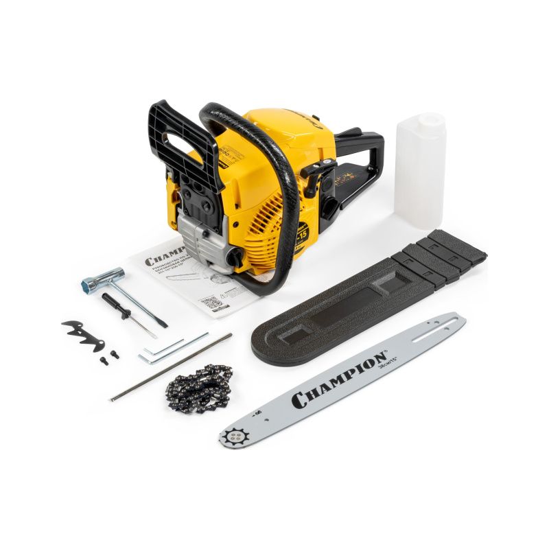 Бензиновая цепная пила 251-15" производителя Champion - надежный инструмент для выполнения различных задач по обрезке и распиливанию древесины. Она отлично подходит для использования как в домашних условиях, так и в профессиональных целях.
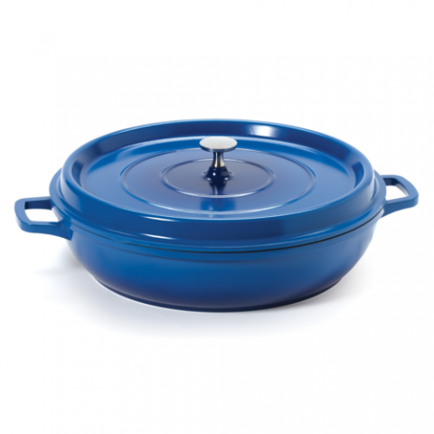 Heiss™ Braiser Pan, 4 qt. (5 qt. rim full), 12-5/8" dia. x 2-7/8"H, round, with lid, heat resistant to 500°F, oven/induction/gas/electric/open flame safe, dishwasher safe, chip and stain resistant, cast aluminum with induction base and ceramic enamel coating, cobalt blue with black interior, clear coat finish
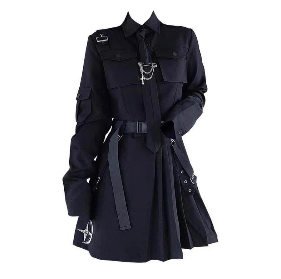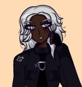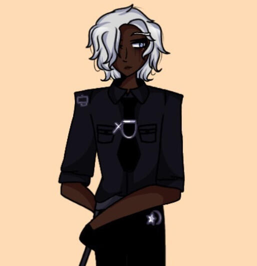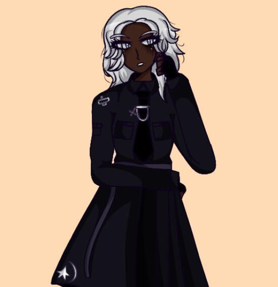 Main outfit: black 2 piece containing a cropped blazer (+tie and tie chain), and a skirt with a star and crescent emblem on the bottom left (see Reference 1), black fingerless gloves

== WHAT THE EXERCISE ASKS ==
Go through the data and return every word of it verbatim, leaving out the pictures.

== RESULT OF THE EXERCISE ==
 Бензиновая цепная пила 251-15" производителя Champion - надежный инструмент для выполнения различных задач по обрезке и распиливанию древесины. Она отлично подходит для использования как в домашних условиях, так и в профессиональных целях.
 Heiss™ Braiser Pan, 4 qt. (5 qt. rim full), 12-5/8" dia. x 2-7/8"H, round, with lid, heat resistant to 500°F, oven/induction/gas/electric/open flame safe, dishwasher safe, chip and stain resistant, cast aluminum with induction base and ceramic enamel coating, cobalt blue with black interior, clear coat finish
 Main outfit: black 2 piece containing a cropped blazer (+tie and tie chain), and a skirt with a star and crescent emblem on the bottom left (see Reference 1), black fingerless gloves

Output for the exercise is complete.